Cash flow management is not just about watching the bank balance. It is about understanding the timing of GST, PAYG instalments, superannuation, payroll, loan repayments, supplier invoices, and customer receipts. In the new financial year, even small changes to wages, interest rates, or tax obligations can create a real squeeze if they are not built into your forecast.

The good news is that the new financial year also gives you a clean point to review your numbers, adjust your tax planning, and make decisions that improve resilience. With the right approach, small business owners can protect cash flow, avoid surprises from the ATO, and build a stronger position for the year ahead.

How the new financial year can reshape cash flow management for small business

The new financial year changes the rhythm of business cash flow.
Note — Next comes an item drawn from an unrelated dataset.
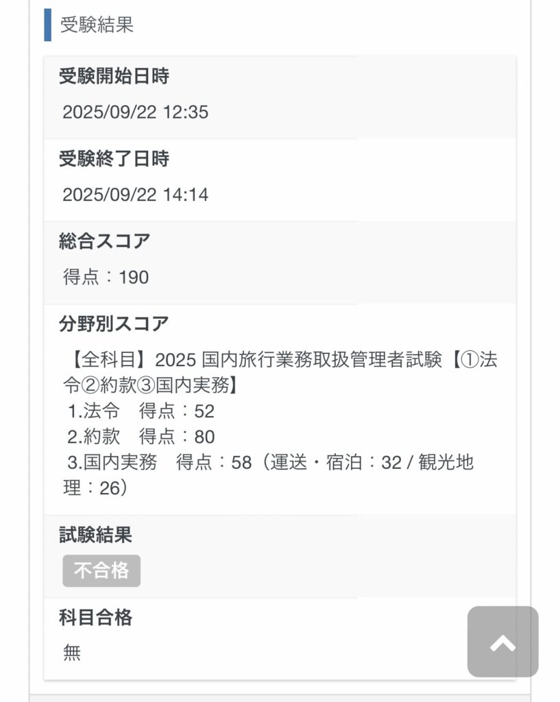 【落ちた】2025年国内旅行業務取扱管理者試験・合格発表!

Many obligations reset on 1 July, but the financial pressure often shows up across the following weeks and months. BAS lodgements, super guarantee payments, PAYG withholding, insurance renewals, software subscriptions, and supplier price increases can all cluster together.

For small business owners, this timing matters. If your customers pay in 30 or 60 days but your expenses are due immediately, the gap can widen fast. A business with $800,000 turnover may still struggle if it carries only a few weeks of available working capital. The issue is not always sales, it is timing.

The new financial year is also when many owners discover that last year’s profit does not automatically translate into cash. Depreciation, unpaid invoices, and tax liabilities can distort the picture. That is why cash flow management should start with a 12 month forecast that includes monthly GST, super, payroll tax where applicable, and expected tax payments.

A practical step is to separate cash flow into three buckets, operating cash, tax cash, and growth cash. This helps you know what is available for wages, what must be reserved for the ATO, and what can be reinvested. When you treat tax as money held on trust, rather than available spending, you reduce the risk of shortfalls later in the year.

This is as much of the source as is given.